Extracted material:
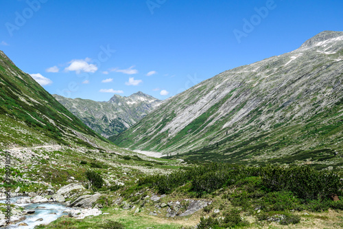 Panoramic view on huge glacier in Maltal region in Austrian Alps. The valley below it flourishing with green and freshness., small torrent in the middle. Summer in the mountains. Serenity and solitude
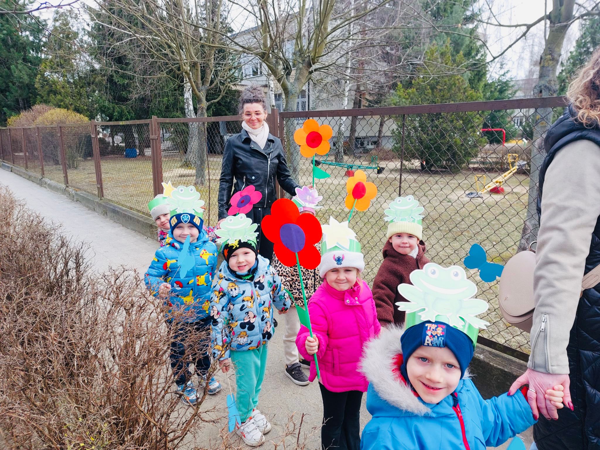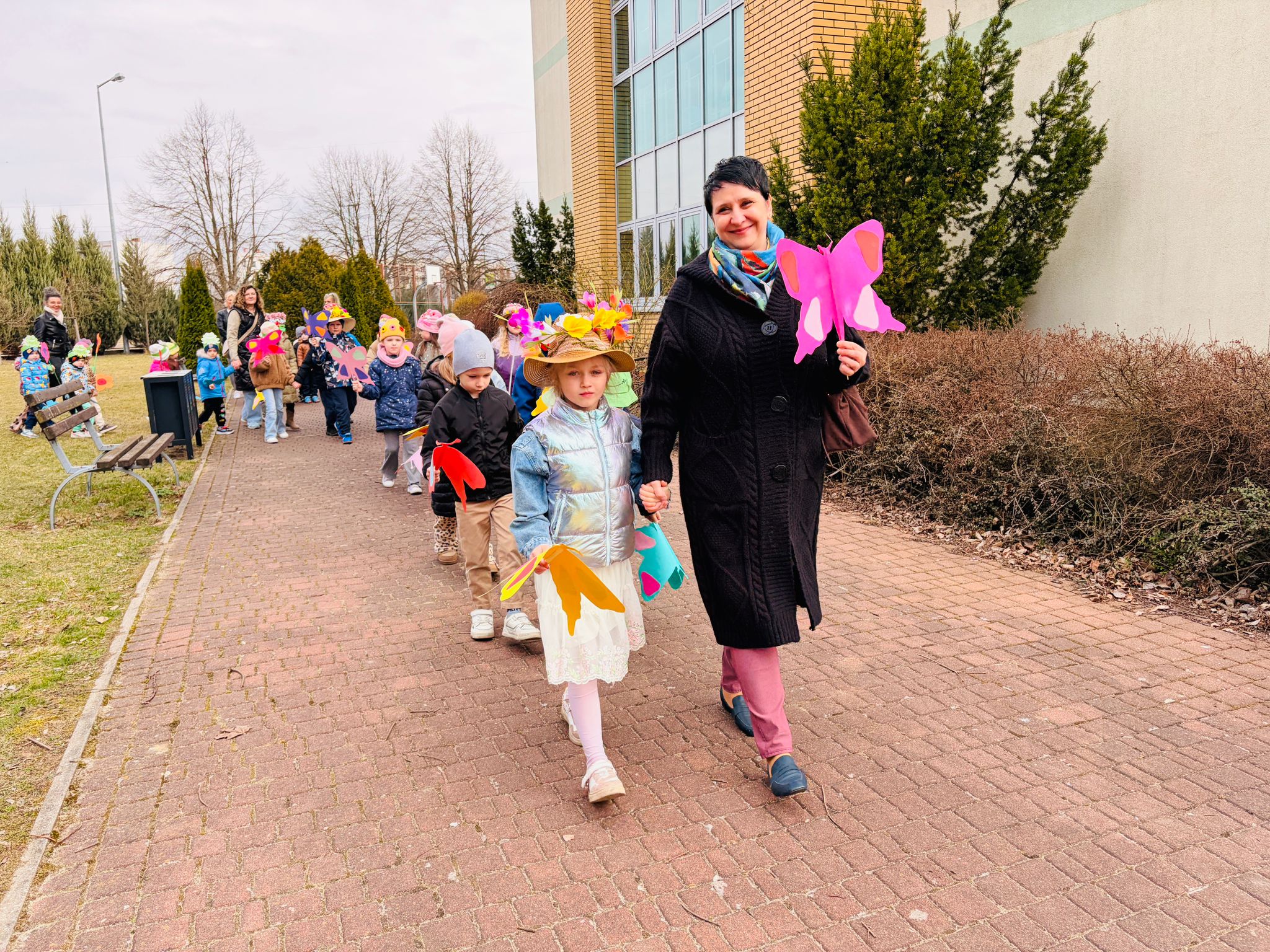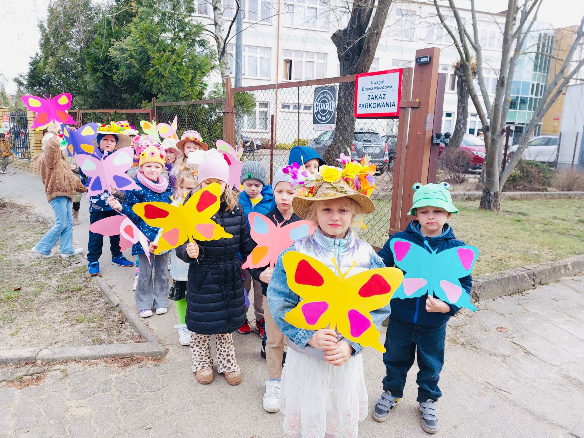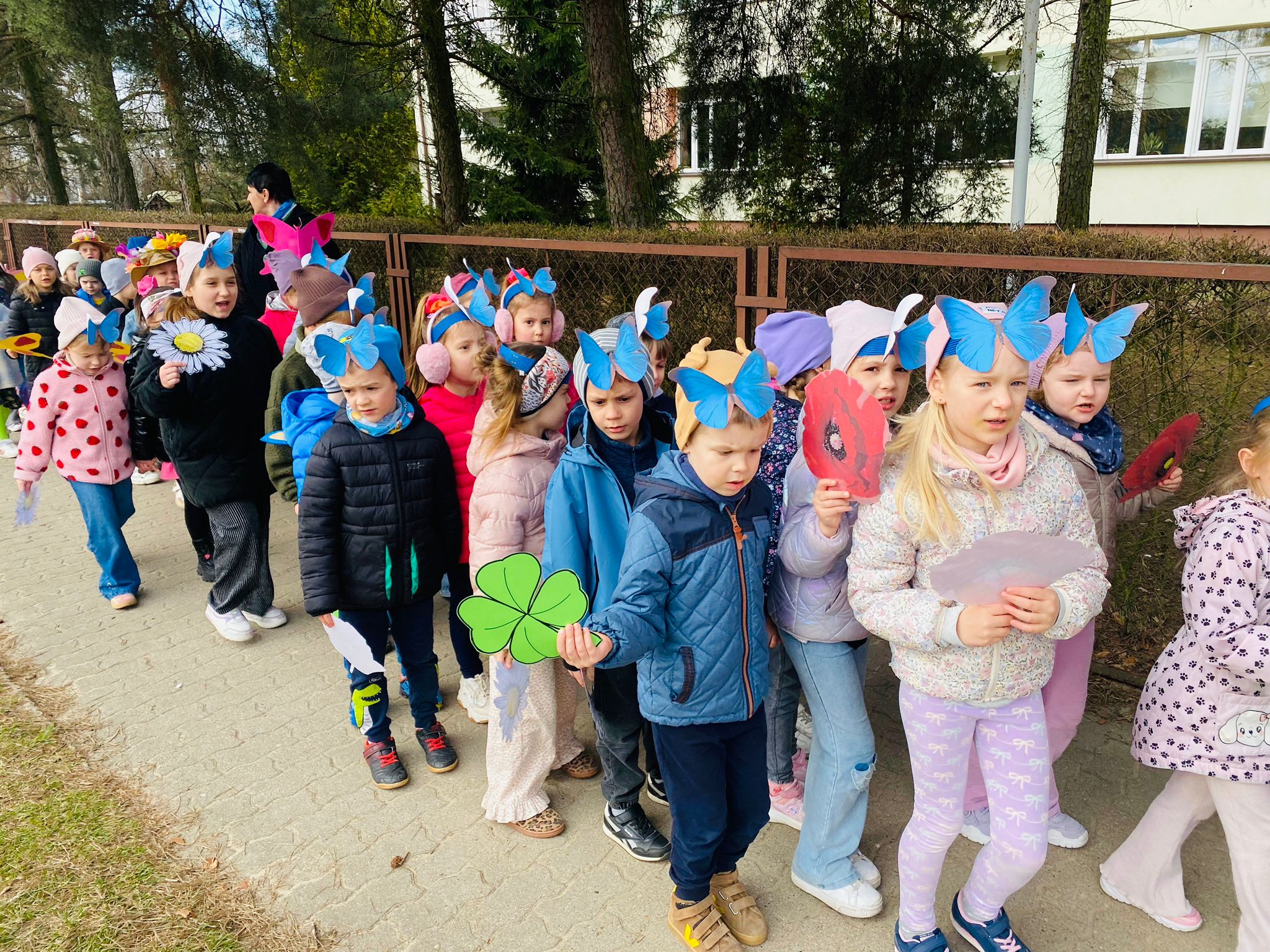 Dzieci wspólnie zaśpiewały piosenkę przed budynkiem przedszkola, a następnie wyruszyły w kolorowym pochodzie ulicami osiedla. Z kwiatami i motylami w dłoniach oraz uśmiechem na twarzach dzieci śpiewały wiosenne piosenki, wprowadzając wszystkich w radosny nastrój. Wiosno! Jak dobrze, że jesteś J
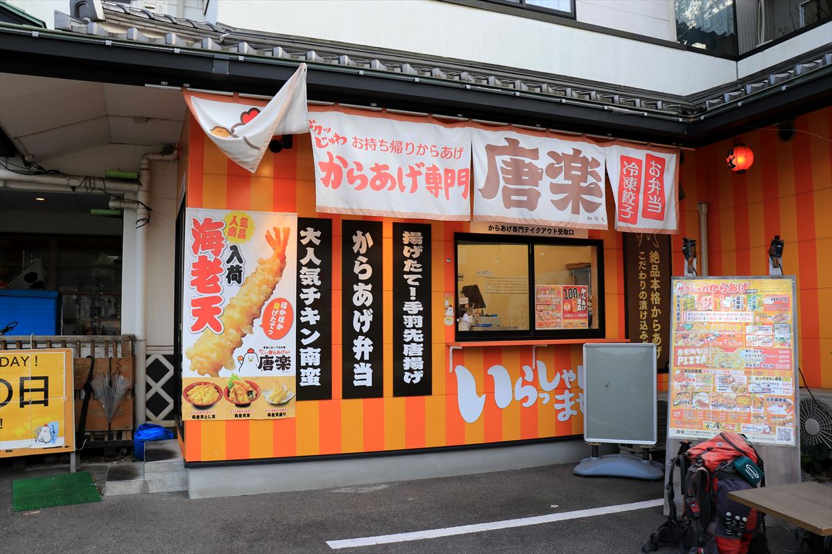 返却時間の5分前というギリギリのタイミングで自転車を返した後に更に食料調達。つまみは調達したものの主食となるものが無いので、駅隣接の唐楽という唐揚げ屋で弁当を購入しました。
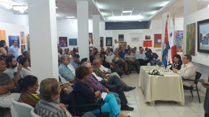 Ciudad de Panamá, 6 de marzo.- Miembros de la Coordinadora Nacional de Solidaridad con Cuba, representantes de organizaciones políticas, sindicales, estudiantiles y sociales, y amigos solidarios con Cuba, se dieron cita en la Galería Manuel E. Amador de la Universidad de Panamá, en un encuentro de hermandad y solidaridad con el Canciller cubano Bruno Rodríguez Parrilla y la delegación que lo acompaña.
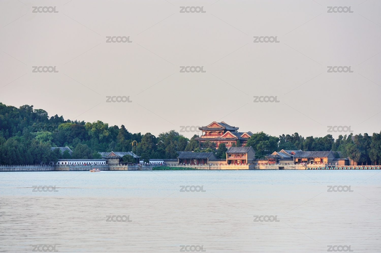 中国北京市颐和园排云殿古建筑和昆明湖风光
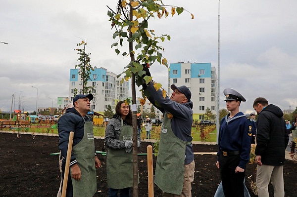 Мэр Уфы Ратмир Мавлиев принял участие в акции «Зеленая Башкирия», которая стартовала сегодня в Уфе. Вместе с родителями будущих воспитанников нового детского сада в жилом районе «Сосны» они посадили на его территории тематическую аллею «Яблоневый цвет». В акции также приняли участие заместители главы Администрации Гуллярия Ялчикаева и Агарагим Кагиргаджиев.
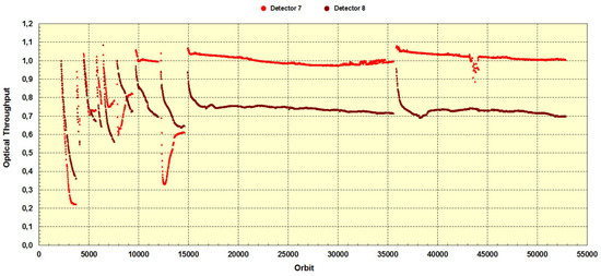 Degradation of SCIAMACHY throughput relative to August 2002 in Channel 7 & 8 in the calibration light path as a function of orbit [15].
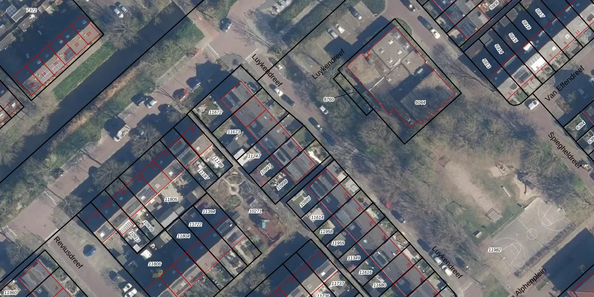 Luykendreef 10 is gelegen op kadastraal perceel LDD00A10997. Deze kadastrale aanduiding is uniek en wordt gebruikt door het Kadaster om eigendomsrechten en andere zakelijke rechten vast te leggen. Het perceel maakt onderdeel uit van de kadastrale gemeente Leiderdorp.
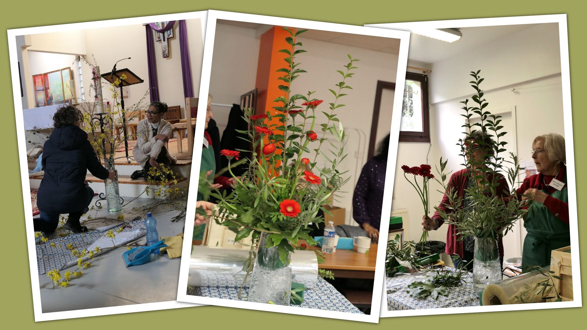 C’est la première fois que la formation diocésaine « Fleurir en liturgie » se tient à la salle paroissiale attenante à l’église Sainte-Claire de Vauréal sur l’invitation du père Étienne et de Lise.
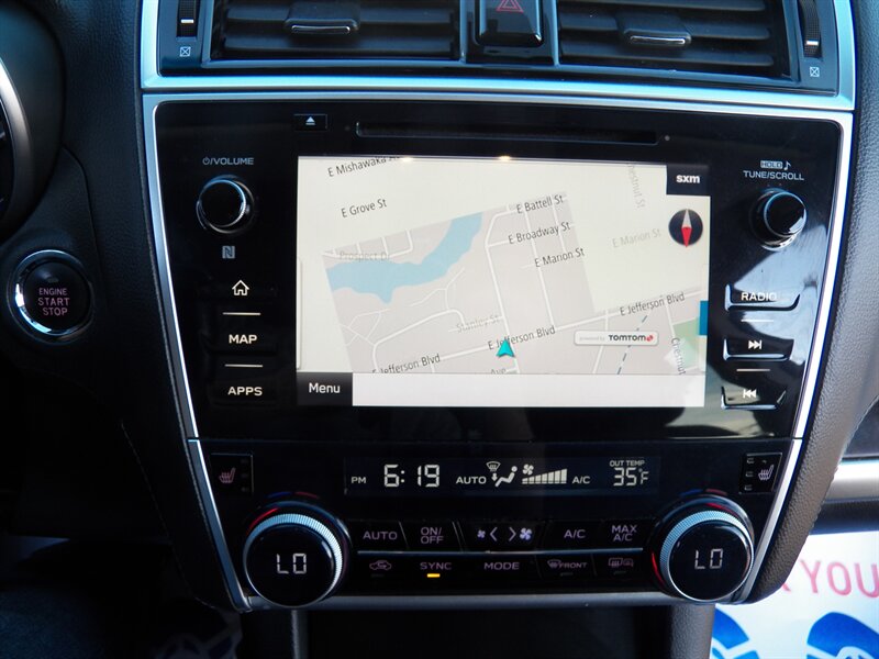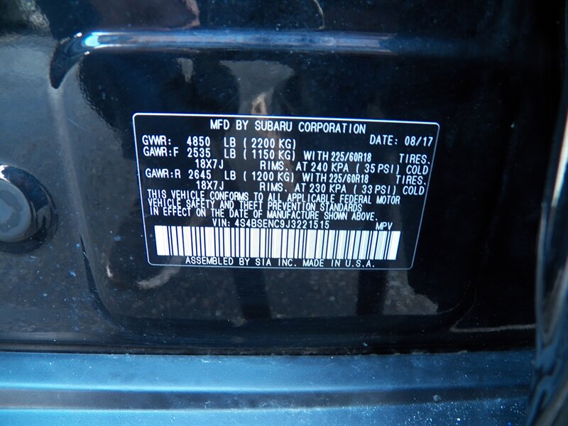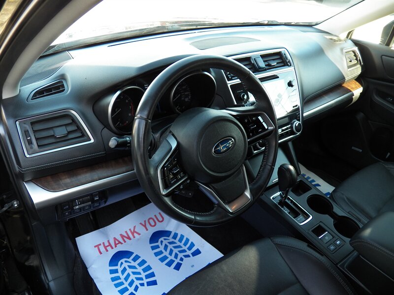 2018 Subaru Outback 3.6R Limited in excellent overall condition, powered by a 3.6L H6 producing 256 hp and 247 lb-ft of torque, EPA-rated at 20 MPG city and 27 MPG highway. Factory equipment includes Symmetrical All-Wheel Drive, 6-speed automatic transmission, leather-trimmed seats, heated front seats, power-adjustable driver and front passenger seats with memory, dual-zone automatic climate control, keyless access with push-button start and remote start, hands-free power rear gate, roof rails with integrated crossbars, 18-inch alloy wheels and fog lights. Interior tech and convenience features include Subaru STARLINK multimedia with touchscreen, Bluetooth phone and audio, USB ports, steering-wheel audio controls, cruise control and a rearview camera. Standard safety and chassis systems include ABS, traction control, Vehicle Dynamics Control, multiple airbags and tire pressure monitoring.
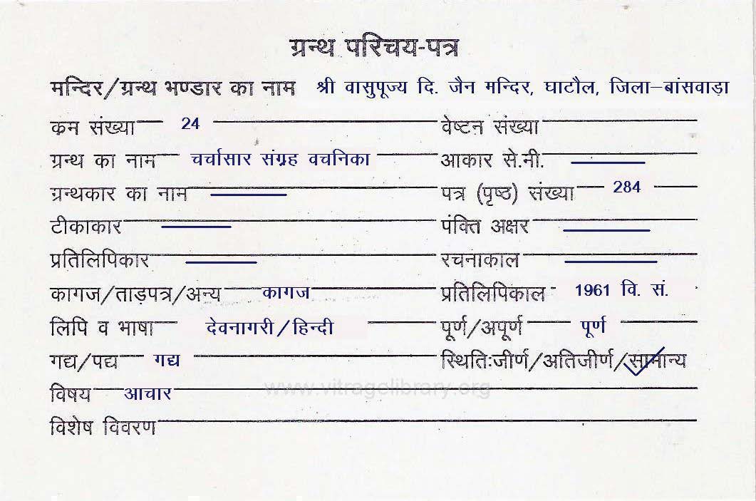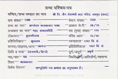 | Source | : | Shree Digambar Jain Saraswati Bhandar Naya Mandir, Hathras (U.P.) |

Exercise description: All of the records above must be copied exactly, except for the pictures.

Exercise result:
 Panoramic view on huge glacier in Maltal region in Austrian Alps. The valley below it flourishing with green and freshness., small torrent in the middle. Summer in the mountains. Serenity and solitude
 Dzieci wspólnie zaśpiewały piosenkę przed budynkiem przedszkola, a następnie wyruszyły w kolorowym pochodzie ulicami osiedla. Z kwiatami i motylami w dłoniach oraz uśmiechem na twarzach dzieci śpiewały wiosenne piosenki, wprowadzając wszystkich w radosny nastrój. Wiosno! Jak dobrze, że jesteś J
 返却時間の5分前というギリギリのタイミングで自転車を返した後に更に食料調達。つまみは調達したものの主食となるものが無いので、駅隣接の唐楽という唐揚げ屋で弁当を購入しました。
 Ciudad de Panamá, 6 de marzo.- Miembros de la Coordinadora Nacional de Solidaridad con Cuba, representantes de organizaciones políticas, sindicales, estudiantiles y sociales, y amigos solidarios con Cuba, se dieron cita en la Galería Manuel E. Amador de la Universidad de Panamá, en un encuentro de hermandad y solidaridad con el Canciller cubano Bruno Rodríguez Parrilla y la delegación que lo acompaña.
 中国北京市颐和园排云殿古建筑和昆明湖风光
 Мэр Уфы Ратмир Мавлиев принял участие в акции «Зеленая Башкирия», которая стартовала сегодня в Уфе. Вместе с родителями будущих воспитанников нового детского сада в жилом районе «Сосны» они посадили на его территории тематическую аллею «Яблоневый цвет». В акции также приняли участие заместители главы Администрации Гуллярия Ялчикаева и Агарагим Кагиргаджиев.
 Degradation of SCIAMACHY throughput relative to August 2002 in Channel 7 & 8 in the calibration light path as a function of orbit [15].
 Luykendreef 10 is gelegen op kadastraal perceel LDD00A10997. Deze kadastrale aanduiding is uniek en wordt gebruikt door het Kadaster om eigendomsrechten en andere zakelijke rechten vast te leggen. Het perceel maakt onderdeel uit van de kadastrale gemeente Leiderdorp.
 C’est la première fois que la formation diocésaine « Fleurir en liturgie » se tient à la salle paroissiale attenante à l’église Sainte-Claire de Vauréal sur l’invitation du père Étienne et de Lise.
 2018 Subaru Outback 3.6R Limited in excellent overall condition, powered by a 3.6L H6 producing 256 hp and 247 lb-ft of torque, EPA-rated at 20 MPG city and 27 MPG highway. Factory equipment includes Symmetrical All-Wheel Drive, 6-speed automatic transmission, leather-trimmed seats, heated front seats, power-adjustable driver and front passenger seats with memory, dual-zone automatic climate control, keyless access with push-button start and remote start, hands-free power rear gate, roof rails with integrated crossbars, 18-inch alloy wheels and fog lights. Interior tech and convenience features include Subaru STARLINK multimedia with touchscreen, Bluetooth phone and audio, USB ports, steering-wheel audio controls, cruise control and a rearview camera. Standard safety and chassis systems include ABS, traction control, Vehicle Dynamics Control, multiple airbags and tire pressure monitoring.
 | Source | : | Shree Digambar Jain Saraswati Bhandar Naya Mandir, Hathras (U.P.) |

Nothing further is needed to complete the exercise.